I can not imagine those flies lasting after a few fish. Am I wrong? Those are sweet looking spiders.


----------



## fisherman5567 (Jan 3, 2007)

Jeremiah, here is how to improve it.....Go to walmart and buy a fly....its faster, cheaper, and not as cool!  J/K thats a sweet fly....(spider) ironic? Good job buddy.


----------



## peple of the perch (Sep 13, 2004)

fisherman5567 said:


> Jeremiah, here is how to improve it.....Go to walmart and buy a fly....its faster, cheaper, and not as cool!  J/K thats a sweet fly....(spider) ironic? Good job buddy.


 
It would problably be more expensive


----------



## Flyfish Dog (Nov 6, 2007)

Nice fly for show but for fishing I want something that will hold up enough to catch 50 big ole bluegills. Also if it take me longer than 10/15 min at the most than it not worth it to me.


----------



## Utard (Dec 10, 2006)

Guys, those are both incredible looking spiders (and dragon fly). I have to admit that when I first clicked on the thread, I thought I was looking at a real spider! 
Out of curiousity, how lond does it take to turn out something like that?

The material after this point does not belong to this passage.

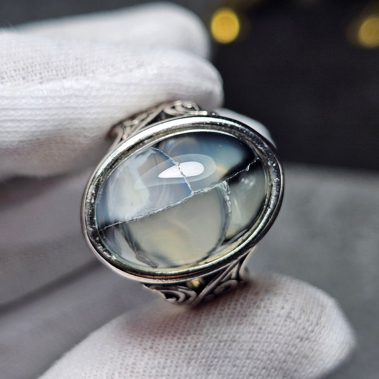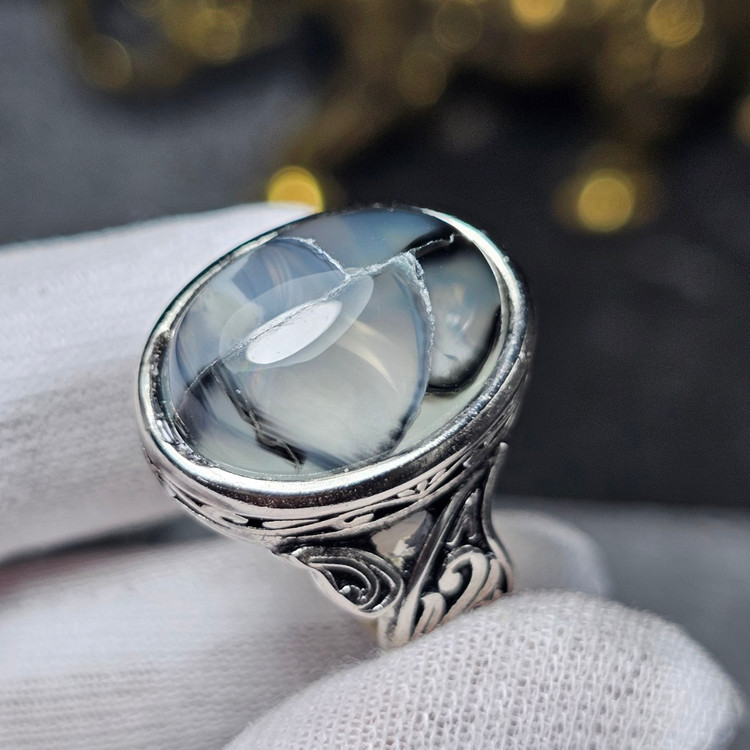 انگشتر نقره روس با سنگ عقیق دراگون معدنی

Looks like a lot of talent involved there guys! I've seen realistic stoneflies and mayflies, even house flies, but never a spider. You could really scare the crap of someone with those!


----------



## creekcrawler (Oct 5, 2004)

That spider is more for show. Took a few hours....
For fishing, I'd leave the smaller leg sections off.
Thanks for the comments!

I was just telling the girl it's about time to get the vice out
and tie. I want try a preying mantis next.


----------



## Flathead King 06 (Feb 26, 2006)

Utard said:


> Guys, those are both incredible looking spiders (and dragon fly). I have to admit that when I first clicked on the thread, I thought I was looking at a real spider!
> Out of curiousity, how lond does it take to turn out something like that? Looks like a lot of talent involved there guys! I've seen realistic stoneflies and mayflies, even house flies, but never a spider. You could really scare the crap of someone with those!


after the first few.... it only takes about 10 mins to make.... the longest part about it is letting all the head cement dry when attaching the legs


----------